6. Adopt methods disregard the count (distinct), especially in large data when it is prone to tilt problem, do not leave things to chance. living comfortably without anybody's help.
7. Small file merge, the line is scheduled to effectively improve the efficiency of the method, if our job to set a reasonable number of files, it will have a positive impact on the overall efficiency of the scheduling of the ladder.

　　To grasp the whole, not as good as the best single job the best overall optimization.

7. common means of optimizing

　　Mainly determined by three attributes:

• hive.exec.reducers.bytes.per.reducer # This parameter controls how much a job will have to deal with a reducer, based on the total size of the input file. The default 1GB.
• hive.exec.reducers.max # This parameter controls the maximum amount of the reducer, if reduce the number of input / bytes per reduce> max will start the specified parameter. This does not affect the setting mapre.reduce.tasks parameters. The default is 999 max.
• mapred.reduce.tasks # If this parameter is specified, hive will not use its estimation function to automatically calculate reduce the number, but use this parameter to start reducer. The default is -1.

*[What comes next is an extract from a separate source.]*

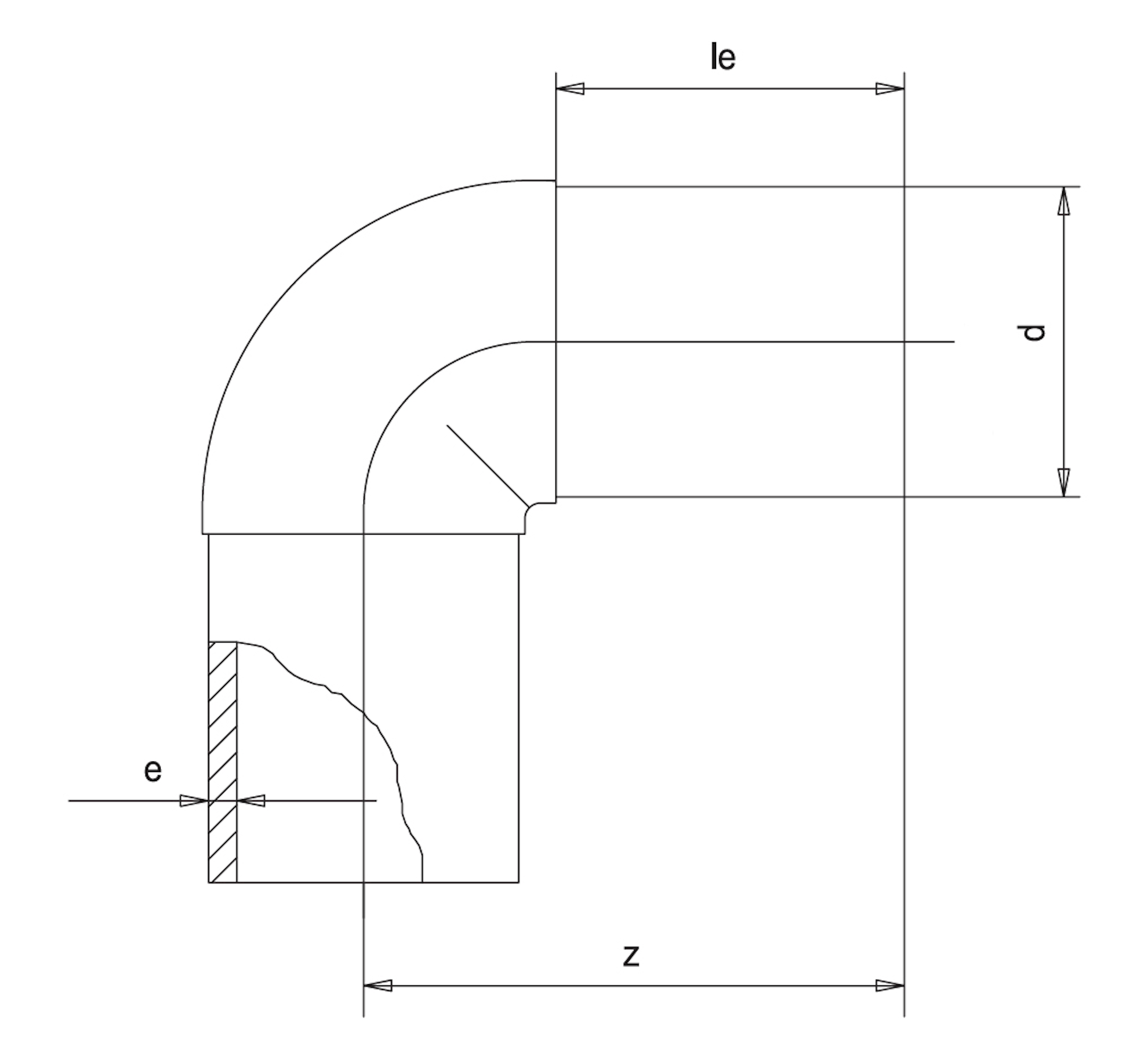 SDR 17 d (mm) 315 e (mm) 18,7 le1 (mm) 153 z1 (mm) 370 PN 10 Angle 90 Weight (kg) 15,81

7.1 impact parameter settings

　　If you reduce too: if the amount of data is large, this will lead to reduce abnormal slow, resulting in this task can not be completed, there may be OOM 2, If you reduce too much: too many small files generated merge the price is too high, namenode memory usage increases. If we do not specify mapred.reduce.tasks, hive will automatically calculate how many reducer needs.

8. Conclusion

　　This blog will share here, back again in a good optimization tools and share with you, thank you for taking the time in his busy schedule to read my this blog, if you have any questions during the optimization of the group can be added discussions or send mail to me, I will do my best to answer your questions, and the king of mutual encouragement!